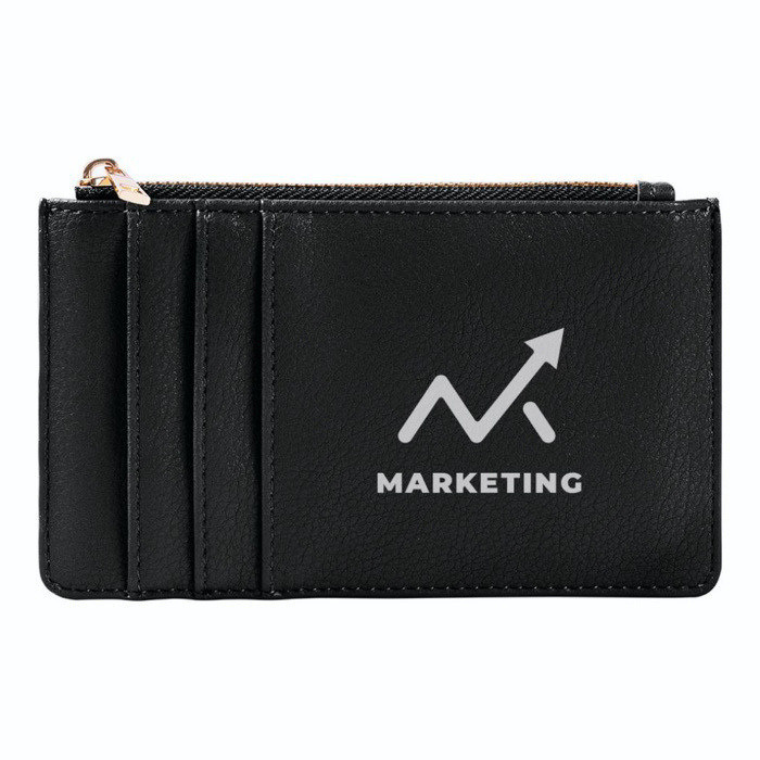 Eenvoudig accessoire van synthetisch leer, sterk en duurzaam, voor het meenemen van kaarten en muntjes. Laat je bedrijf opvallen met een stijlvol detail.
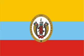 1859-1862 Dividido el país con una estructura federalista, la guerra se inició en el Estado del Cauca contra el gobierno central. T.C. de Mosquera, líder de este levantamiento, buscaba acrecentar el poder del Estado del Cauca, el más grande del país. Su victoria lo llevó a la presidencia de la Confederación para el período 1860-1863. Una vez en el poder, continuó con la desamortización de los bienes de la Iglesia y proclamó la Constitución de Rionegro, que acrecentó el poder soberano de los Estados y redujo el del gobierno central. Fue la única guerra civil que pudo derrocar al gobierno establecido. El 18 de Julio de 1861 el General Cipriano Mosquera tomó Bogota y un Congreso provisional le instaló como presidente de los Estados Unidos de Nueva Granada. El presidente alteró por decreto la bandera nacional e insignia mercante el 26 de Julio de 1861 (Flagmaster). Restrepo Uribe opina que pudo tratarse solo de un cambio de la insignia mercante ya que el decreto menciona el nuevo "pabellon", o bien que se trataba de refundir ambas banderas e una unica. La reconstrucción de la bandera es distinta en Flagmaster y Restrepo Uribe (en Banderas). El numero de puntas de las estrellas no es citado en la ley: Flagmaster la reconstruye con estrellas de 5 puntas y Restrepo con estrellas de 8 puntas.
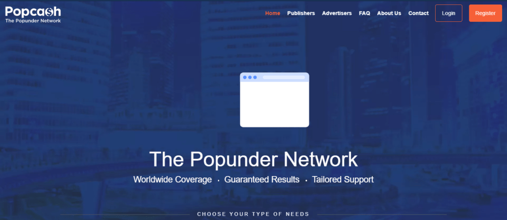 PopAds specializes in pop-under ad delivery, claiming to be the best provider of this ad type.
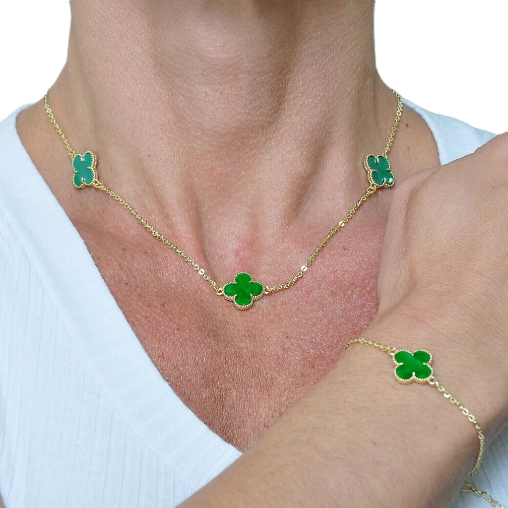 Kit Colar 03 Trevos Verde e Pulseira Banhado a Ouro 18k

Brief >>
Starting at the first line of the data, set down each line exactly until you have copied the line with "1859-1862 Dividido el", but leave the pictures out.

Expected answer >>
 Eenvoudig accessoire van synthetisch leer, sterk en duurzaam, voor het meenemen van kaarten en muntjes. Laat je bedrijf opvallen met een stijlvol detail.
 1859-1862 Dividido el país con una estructura federalista, la guerra se inició en el Estado del Cauca contra el gobierno central. T.C. de Mosquera, líder de este levantamiento, buscaba acrecentar el poder del Estado del Cauca, el más grande del país. Su victoria lo llevó a la presidencia de la Confederación para el período 1860-1863. Una vez en el poder, continuó con la desamortización de los bienes de la Iglesia y proclamó la Constitución de Rionegro, que acrecentó el poder soberano de los Estados y redujo el del gobierno central. Fue la única guerra civil que pudo derrocar al gobierno establecido. El 18 de Julio de 1861 el General Cipriano Mosquera tomó Bogota y un Congreso provisional le instaló como presidente de los Estados Unidos de Nueva Granada. El presidente alteró por decreto la bandera nacional e insignia mercante el 26 de Julio de 1861 (Flagmaster). Restrepo Uribe opina que pudo tratarse solo de un cambio de la insignia mercante ya que el decreto menciona el nuevo "pabellon", o bien que se trataba de refundir ambas banderas e una unica. La reconstrucción de la bandera es distinta en Flagmaster y Restrepo Uribe (en Banderas). El numero de puntas de las estrellas no es citado en la ley: Flagmaster la reconstruye con estrellas de 5 puntas y Restrepo con estrellas de 8 puntas.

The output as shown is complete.